The following is the implementation of the bucket (bucket) algorithm:
var Resultarr = [],
Returnarr = [],
Origlen = This.length,
Resultlen;
var maxv=this[0],minv=this[0];
for (var i=1; i<origlen; ++i) {
if (THIS[I]&GT;MAXV) maxv=this[i];
else if (THIS[I]&LT;MINV) minv=this[i];
}
var blen=maxv-minv+1;
var b=new Array (Blen);
for (var i=0;i<blen;++i) B[i]=false;
for (var i=0; i<origlen; ++i) {
if (B[this[i]-minv]) {
Returnarr.push (This[i]);
} else {
Resultarr.push (This[i]);
B[this[i]-minv]=true;
}
}
Resultlen = Resultarr.length;
This.length = Resultlen;
for (var i=0; i<resultlen; ++i) {
This[i] = Resultarr[i];
}
return Returnarr;
The following is the implementation of the hash (hash) algorithm
var Shuffler = 37
var beta=0.007;
var origlen=this.length
var bucketsize=math.ceil (Origlen*beta);
var hashset=new Array (bucketsize);
var hashfun = function (value) {
var key = (Math.floor (value) *shuffler)%bucketsize;
Return key;
}
Init hashset
for (Var i=0;i<bucketsize;i++) hashset[i]=new Array ();
//
var ret=[],self=[];
var Key,value;
var Bucket,openlen;
var everconflict;
for (Var i=0;i<origlen;i++) {
Value=this[i];
Key=hashfun (value);
bucket = Hashset[key];
openlen=bucket.length;//if (openlen>1) return;
Everconflict=false;
for (Var j=0;j<openlen;j++) {
if (Bucket[j]==value) {
Ret.push (value);
Everconflict=true;
Break
}
}
if (!everconflict) {
Bucket.push (value);
Self.push (value);
}
}
Selflen = Self.length;
This.length = Selflen;
For (i=0 i<selflen; ++i) {
This[i] = Self[i];
}
Compute average bucket size
var lens=[],sum=0;
for (var i=0;iAverage=sum/hashset.length;//watch Lens,average
return ret;


Random integer test calculation time with k*10000 0~k*100 (MS)
K 1 2 3 4 5
Realazy 240 693 1399 2301 3807
Bucket 55 101 141 219 293
Hash 214 411 654 844 1083
The test framework draws on the http://realazy.org/lab/uniq.html
Test environment FIREFOX2.0.0.6/UBUNTU7.10/2.66GHZP4/1024MBDDR

Contact Us

The content source of this page is from Internet, which doesn't represent Alibaba Cloud's opinion; products and services mentioned on that page don't have any relationship with Alibaba Cloud. If the content of the page makes you feel confusing, please write us an email, we will handle the problem within 5 days after receiving your email.

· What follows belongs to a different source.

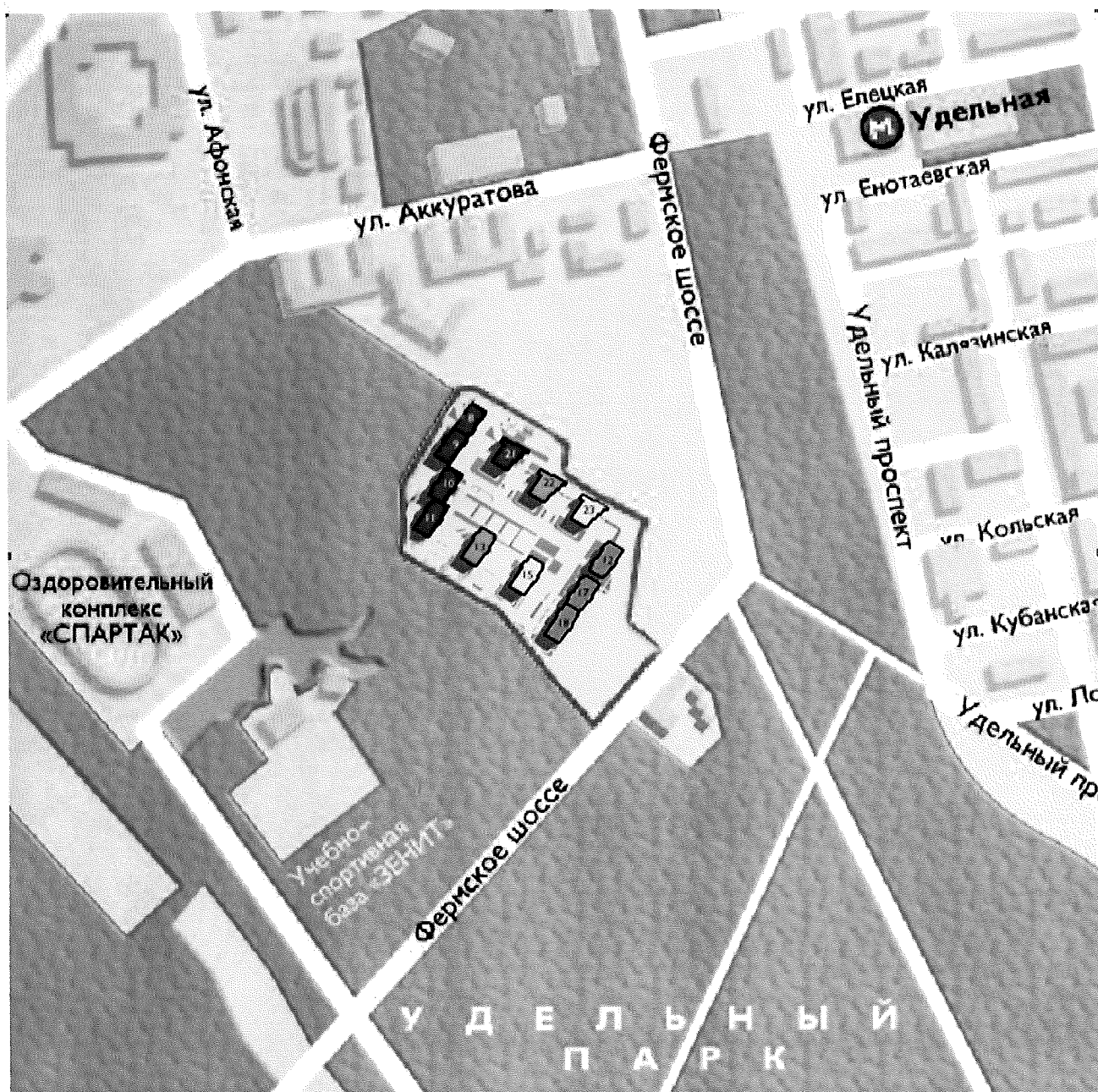
СХЕМА РАЗМЕЩЕНИЯ ОБЪЕКТА

Приложение № 2 к Проектной декларации от 30.10.2015 г. О проекте строительства комплекса жилых домов со встроенно – пристроенными помещениями, 1-4 этап строительства, корпуса 8-9, 10-11, 12, 13, 15, 17-18, 21, 22, 23 и пристроенной автостоянки по адресу: г. Санкт-Петербург, Фермское шоссе, д.22, литр В

If you find any instances of plagiarism from the community, please send an email to: info-contact@alibabacloud.com and provide relevant evidence. A staff member will contact you within 5 working days.

A Free Trial That Lets You Build Big!

Start building with 50+ products and up to 12 months usage for Elastic Compute Service

  • Sales Support

    1 on 1 presale consultation

  • After-Sales Support

    24/7 Technical Support 6 Free Tickets per Quarter Faster Response

  • Alibaba Cloud offers highly flexible support services tailored to meet your exact needs.